▸ Input for this task:
-.-.-
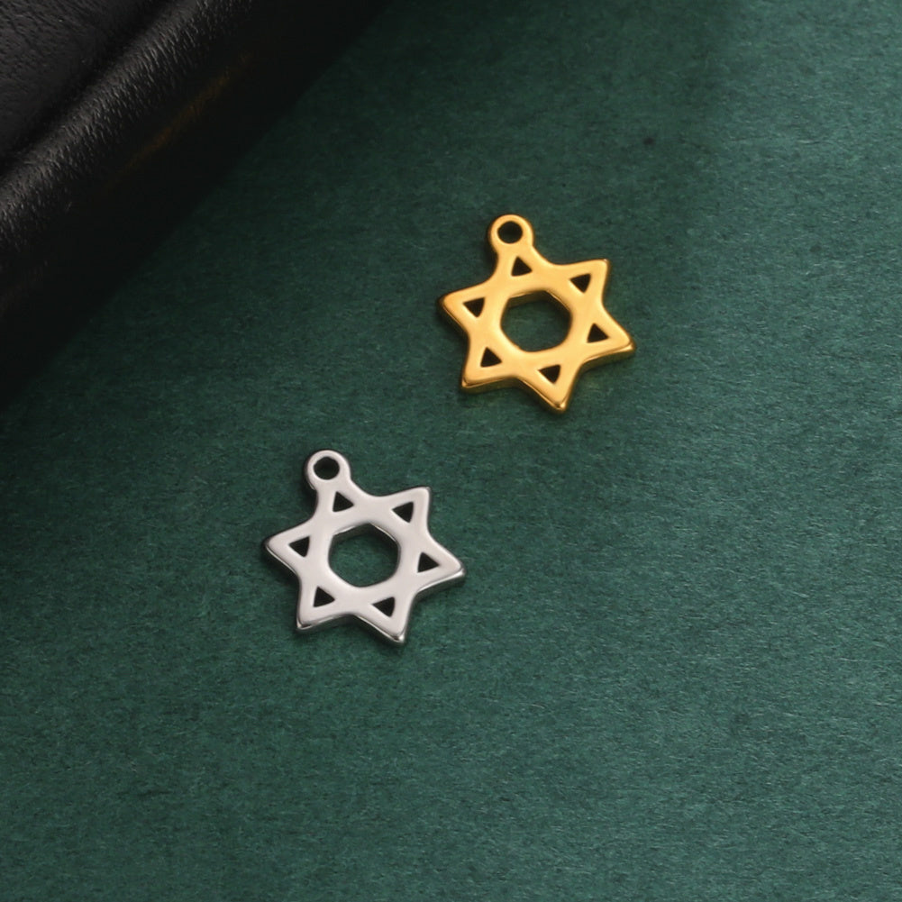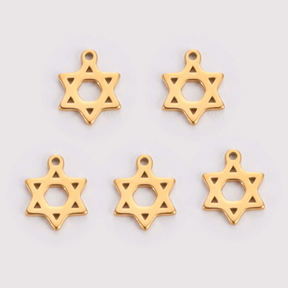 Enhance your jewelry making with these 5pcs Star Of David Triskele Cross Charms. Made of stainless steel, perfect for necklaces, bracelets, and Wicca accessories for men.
-.-.-
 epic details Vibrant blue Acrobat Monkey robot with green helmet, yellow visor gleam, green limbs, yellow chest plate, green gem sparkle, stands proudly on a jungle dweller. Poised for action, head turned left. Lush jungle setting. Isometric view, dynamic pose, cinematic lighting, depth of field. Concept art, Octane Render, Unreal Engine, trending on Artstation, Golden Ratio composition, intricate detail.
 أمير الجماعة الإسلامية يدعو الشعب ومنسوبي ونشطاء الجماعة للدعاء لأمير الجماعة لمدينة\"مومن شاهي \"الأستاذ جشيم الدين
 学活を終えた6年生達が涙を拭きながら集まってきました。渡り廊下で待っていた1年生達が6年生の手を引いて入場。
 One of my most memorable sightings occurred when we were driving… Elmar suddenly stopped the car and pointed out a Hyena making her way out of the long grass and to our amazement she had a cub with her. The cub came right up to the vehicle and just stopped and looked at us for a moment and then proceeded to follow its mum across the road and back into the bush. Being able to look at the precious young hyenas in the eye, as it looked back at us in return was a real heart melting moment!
-.-.-
▸ Task objective:
Above this instruction are the records; retype exactly the lines from the one containing "أمير الجماعة الإسلامية" up to and including the one containing "One of my most".

▸ Result:
 أمير الجماعة الإسلامية يدعو الشعب ومنسوبي ونشطاء الجماعة للدعاء لأمير الجماعة لمدينة\"مومن شاهي \"الأستاذ جشيم الدين
 学活を終えた6年生達が涙を拭きながら集まってきました。渡り廊下で待っていた1年生達が6年生の手を引いて入場。
 One of my most memorable sightings occurred when we were driving… Elmar suddenly stopped the car and pointed out a Hyena making her way out of the long grass and to our amazement she had a cub with her. The cub came right up to the vehicle and just stopped and looked at us for a moment and then proceeded to follow its mum across the road and back into the bush. Being able to look at the precious young hyenas in the eye, as it looked back at us in return was a real heart melting moment!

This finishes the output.